(Data to use)

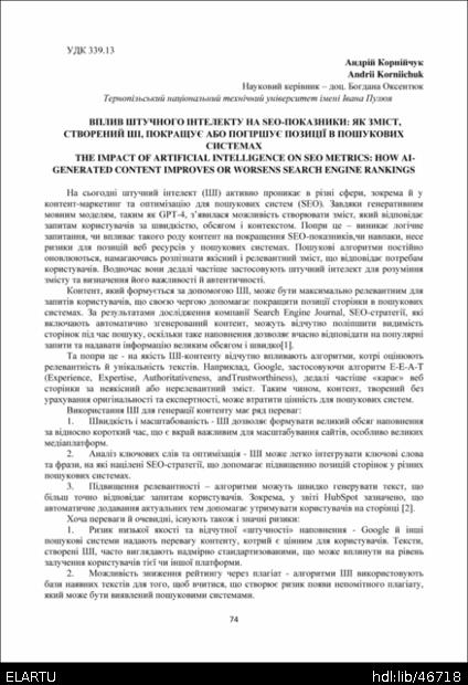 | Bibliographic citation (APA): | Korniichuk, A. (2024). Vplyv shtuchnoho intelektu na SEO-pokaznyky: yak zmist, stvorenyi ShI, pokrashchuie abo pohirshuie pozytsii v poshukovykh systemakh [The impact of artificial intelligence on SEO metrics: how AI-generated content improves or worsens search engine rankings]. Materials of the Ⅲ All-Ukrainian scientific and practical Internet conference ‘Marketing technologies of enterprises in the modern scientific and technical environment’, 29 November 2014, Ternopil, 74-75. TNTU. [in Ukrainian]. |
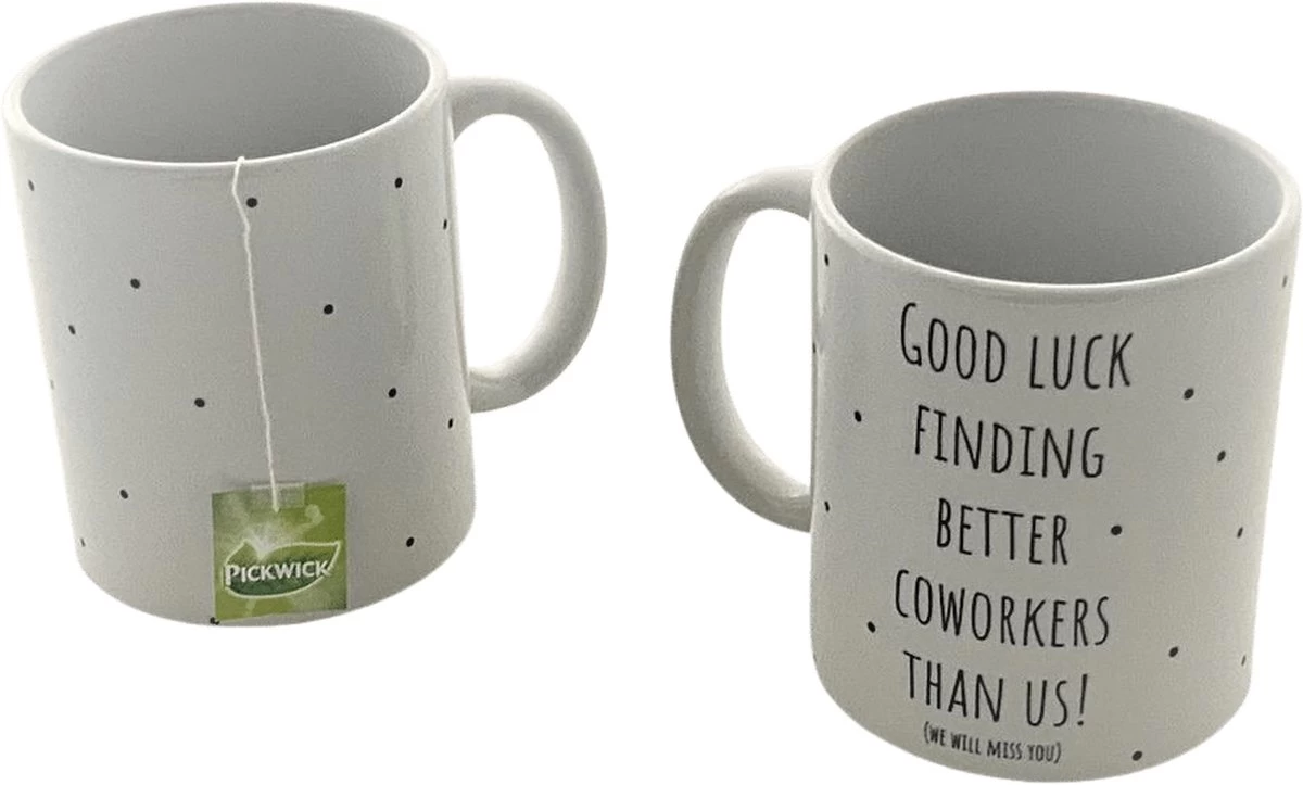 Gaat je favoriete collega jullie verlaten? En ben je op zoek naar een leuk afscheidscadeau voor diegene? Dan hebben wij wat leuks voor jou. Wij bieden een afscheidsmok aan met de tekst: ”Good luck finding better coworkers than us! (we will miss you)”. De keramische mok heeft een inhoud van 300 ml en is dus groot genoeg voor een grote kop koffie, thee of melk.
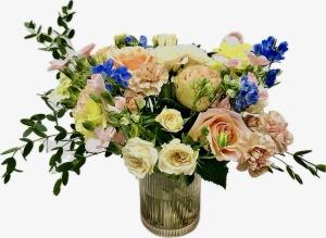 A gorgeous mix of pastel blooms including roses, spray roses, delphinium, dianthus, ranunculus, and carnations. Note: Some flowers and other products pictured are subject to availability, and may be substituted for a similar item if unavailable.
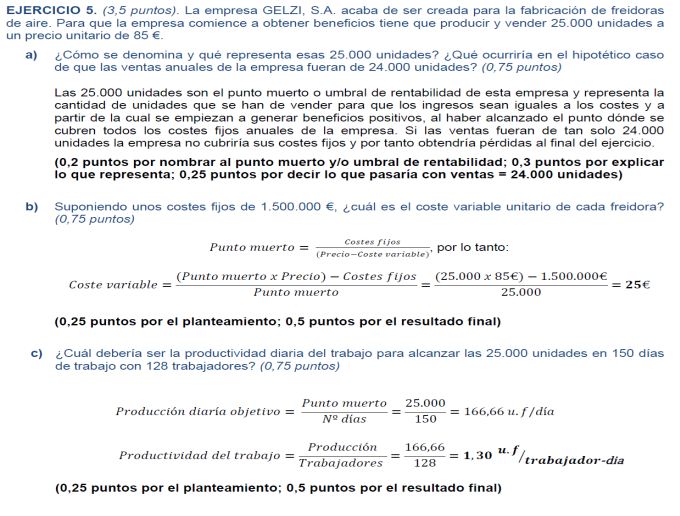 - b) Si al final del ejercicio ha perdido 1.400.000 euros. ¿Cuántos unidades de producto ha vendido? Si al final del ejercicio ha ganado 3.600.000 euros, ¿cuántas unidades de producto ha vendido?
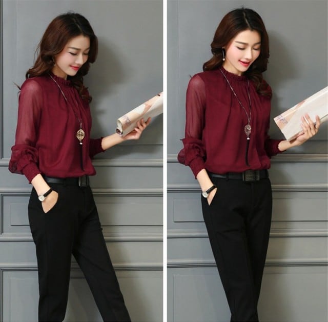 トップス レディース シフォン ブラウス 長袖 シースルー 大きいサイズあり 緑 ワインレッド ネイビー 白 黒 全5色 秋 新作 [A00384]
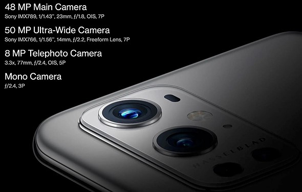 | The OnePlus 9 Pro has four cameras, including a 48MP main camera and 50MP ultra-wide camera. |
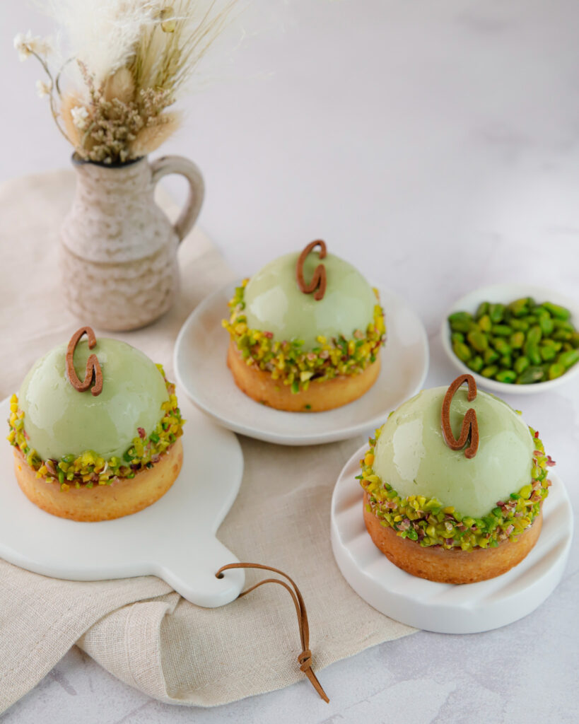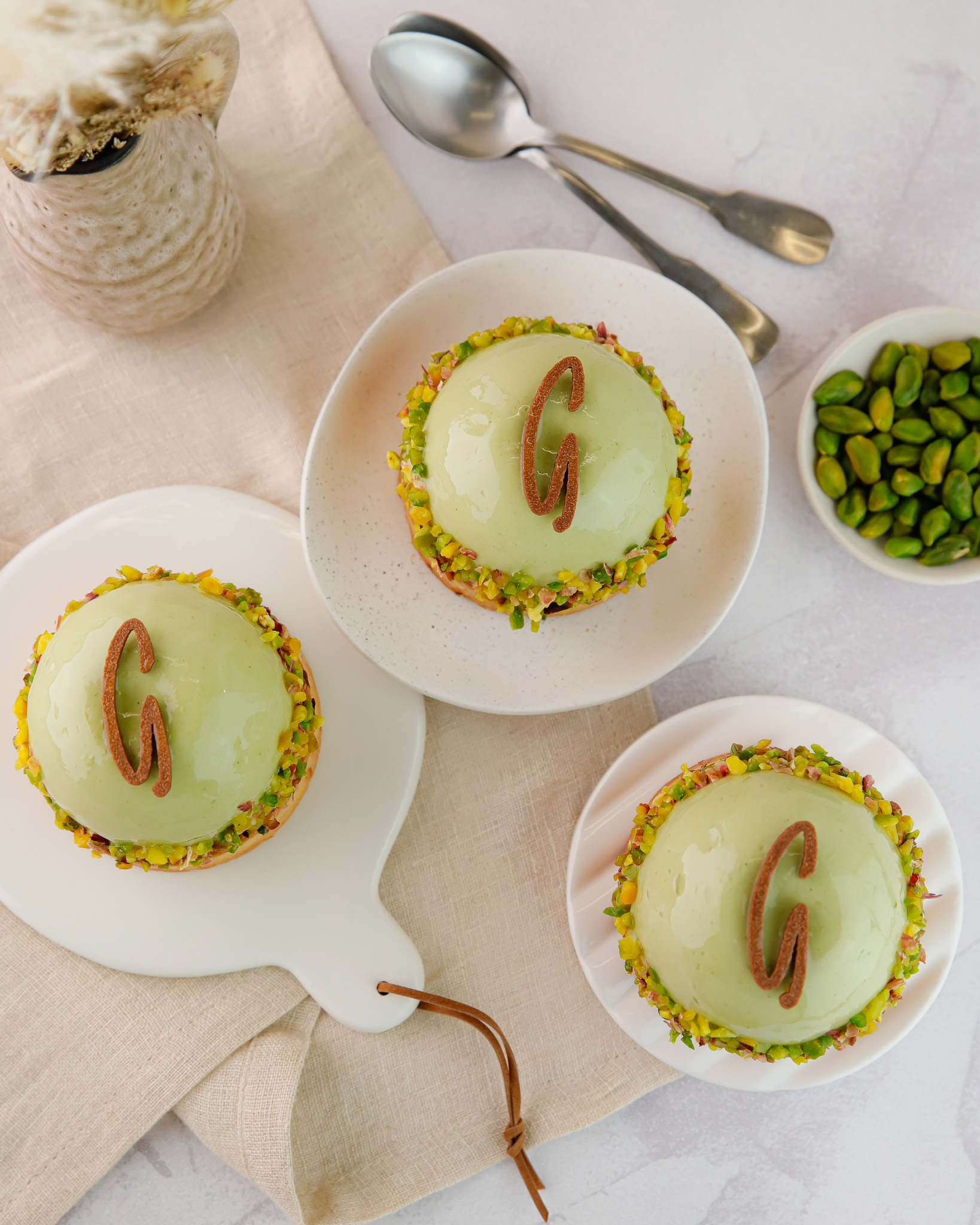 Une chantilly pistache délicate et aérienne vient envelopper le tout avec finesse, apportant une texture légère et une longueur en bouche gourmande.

(End Data to use)
(Data to use)

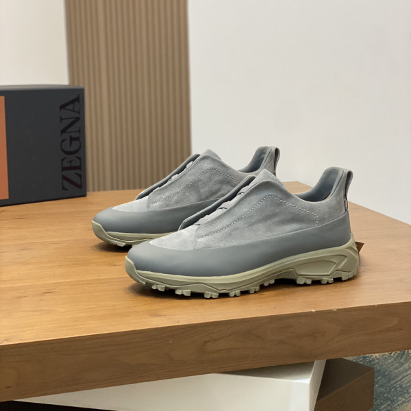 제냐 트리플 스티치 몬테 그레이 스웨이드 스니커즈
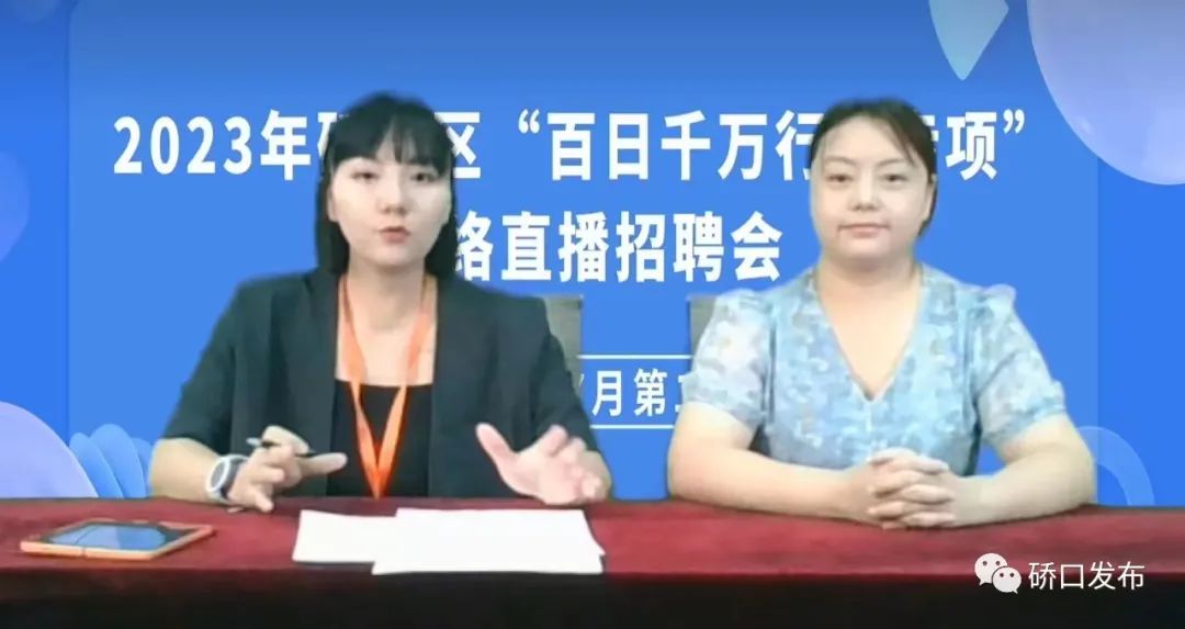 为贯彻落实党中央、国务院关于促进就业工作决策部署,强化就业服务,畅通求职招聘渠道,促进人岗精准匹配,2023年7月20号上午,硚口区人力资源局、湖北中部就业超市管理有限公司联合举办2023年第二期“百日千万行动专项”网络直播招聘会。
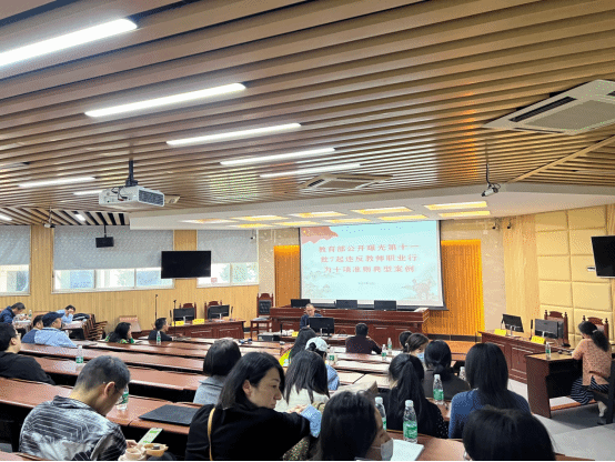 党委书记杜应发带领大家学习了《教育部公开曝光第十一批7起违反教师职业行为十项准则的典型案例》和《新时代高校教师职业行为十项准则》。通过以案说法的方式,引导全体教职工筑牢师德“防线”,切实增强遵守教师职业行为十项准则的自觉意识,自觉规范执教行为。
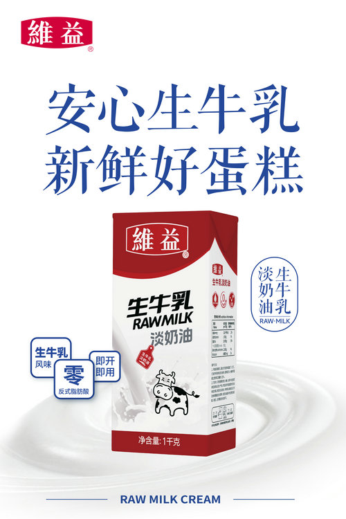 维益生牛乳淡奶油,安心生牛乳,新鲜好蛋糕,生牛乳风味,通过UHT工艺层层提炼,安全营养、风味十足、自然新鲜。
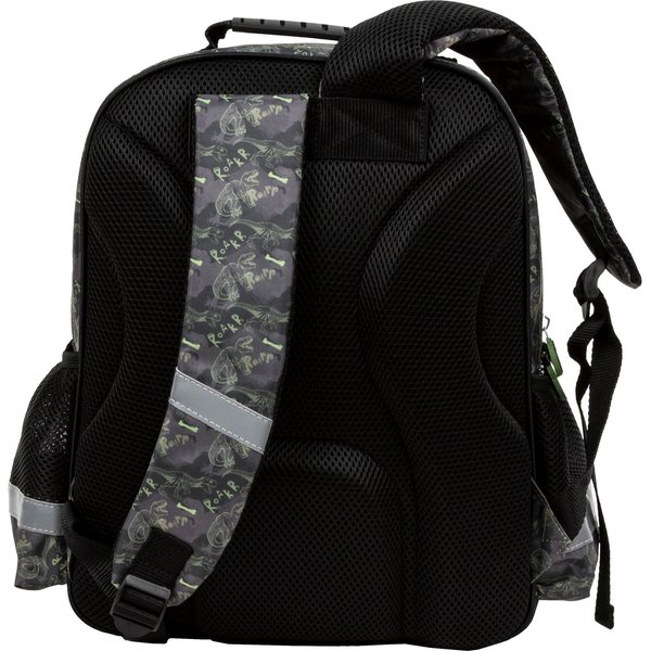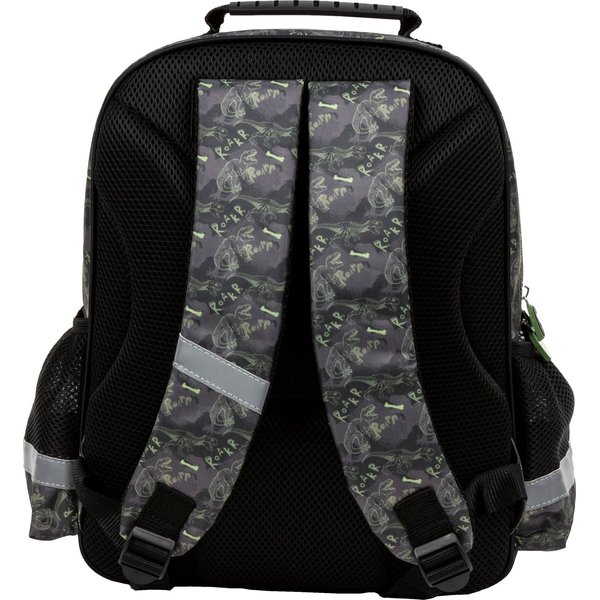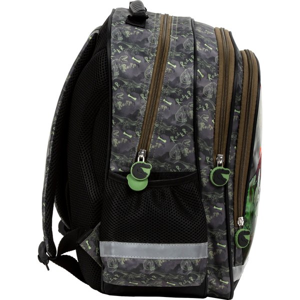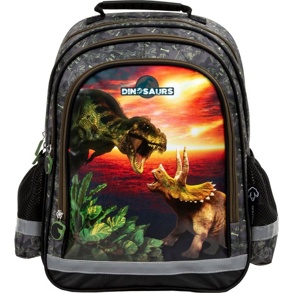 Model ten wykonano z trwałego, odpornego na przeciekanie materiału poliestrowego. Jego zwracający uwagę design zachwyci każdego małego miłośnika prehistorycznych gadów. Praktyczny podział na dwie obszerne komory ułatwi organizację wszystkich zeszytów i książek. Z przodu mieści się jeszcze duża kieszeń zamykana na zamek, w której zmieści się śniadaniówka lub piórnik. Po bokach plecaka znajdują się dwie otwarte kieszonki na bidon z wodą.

(End Data to use)
(Data to use)

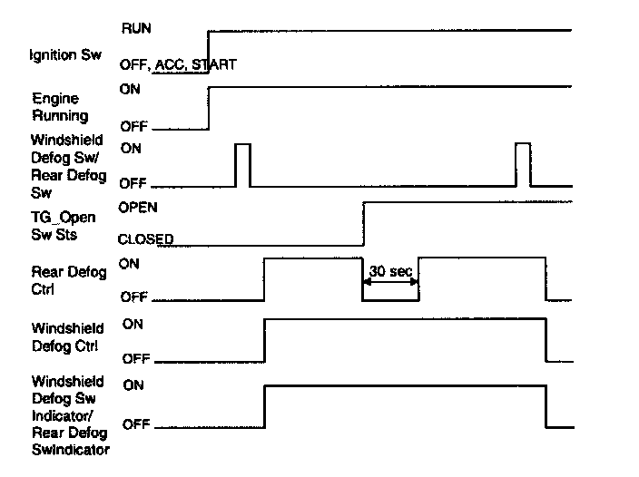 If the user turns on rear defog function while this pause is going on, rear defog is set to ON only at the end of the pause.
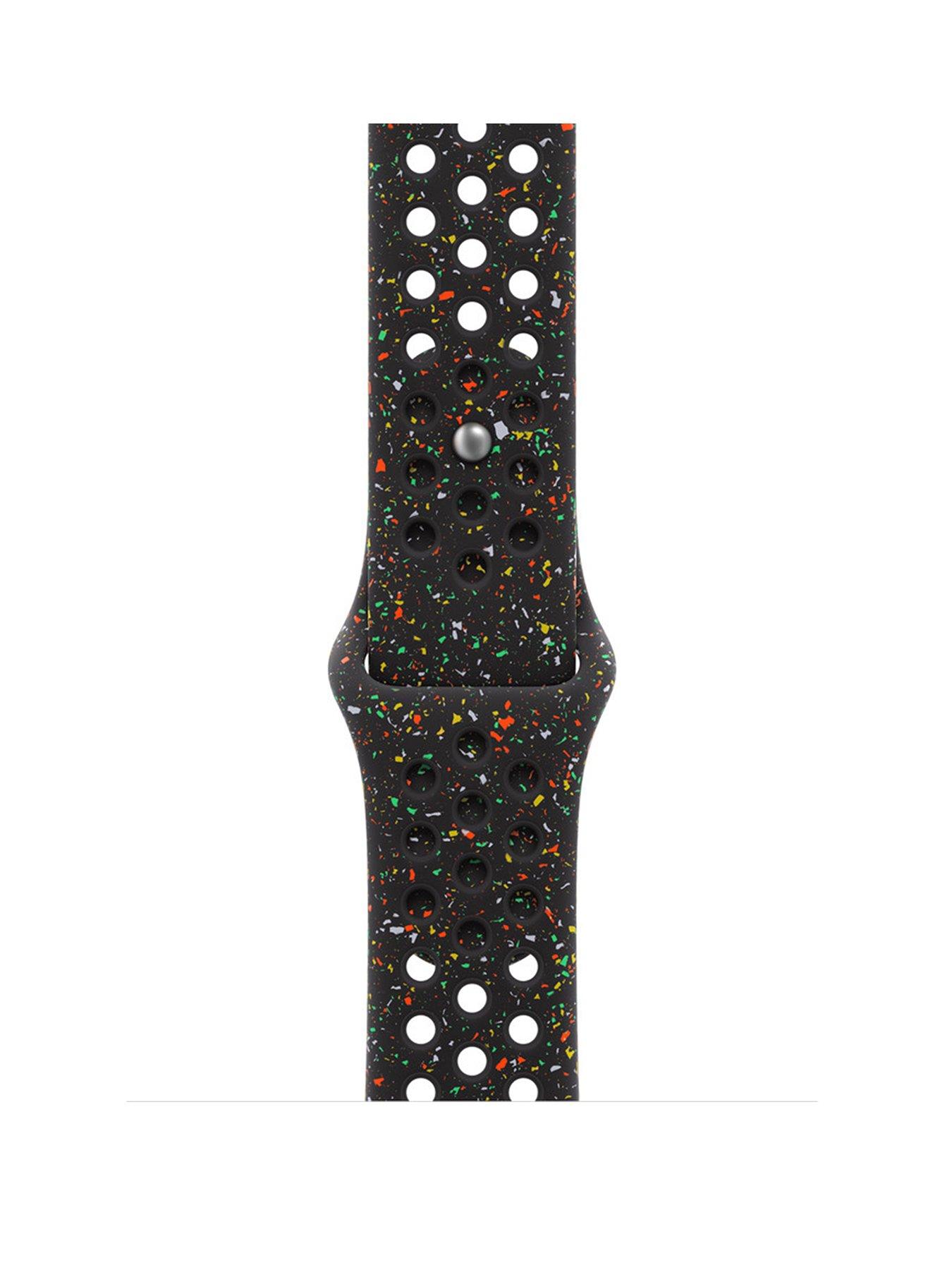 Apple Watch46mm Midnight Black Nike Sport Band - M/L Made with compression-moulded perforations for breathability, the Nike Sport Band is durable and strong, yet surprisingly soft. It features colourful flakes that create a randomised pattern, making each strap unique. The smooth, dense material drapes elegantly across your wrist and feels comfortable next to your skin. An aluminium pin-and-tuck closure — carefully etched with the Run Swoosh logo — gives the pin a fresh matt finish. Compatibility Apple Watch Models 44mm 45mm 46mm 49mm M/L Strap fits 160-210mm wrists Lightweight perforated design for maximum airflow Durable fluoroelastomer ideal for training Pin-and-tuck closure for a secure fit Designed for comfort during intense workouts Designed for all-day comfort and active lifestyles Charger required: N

(End Data to use)

▸ Work to be completed:
Copy only this from above: the line containing "トップス レディース シフォン", the line containing "Une chantilly pistache", and all lines between, printed exactly. Leave out the pictures.

▸ Response box:
 トップス レディース シフォン ブラウス 長袖 シースルー 大きいサイズあり 緑 ワインレッド ネイビー 白 黒 全5色 秋 新作 [A00384]
 | The OnePlus 9 Pro has four cameras, including a 48MP main camera and 50MP ultra-wide camera. |
 Une chantilly pistache délicate et aérienne vient envelopper le tout avec finesse, apportant une texture légère et une longueur en bouche gourmande.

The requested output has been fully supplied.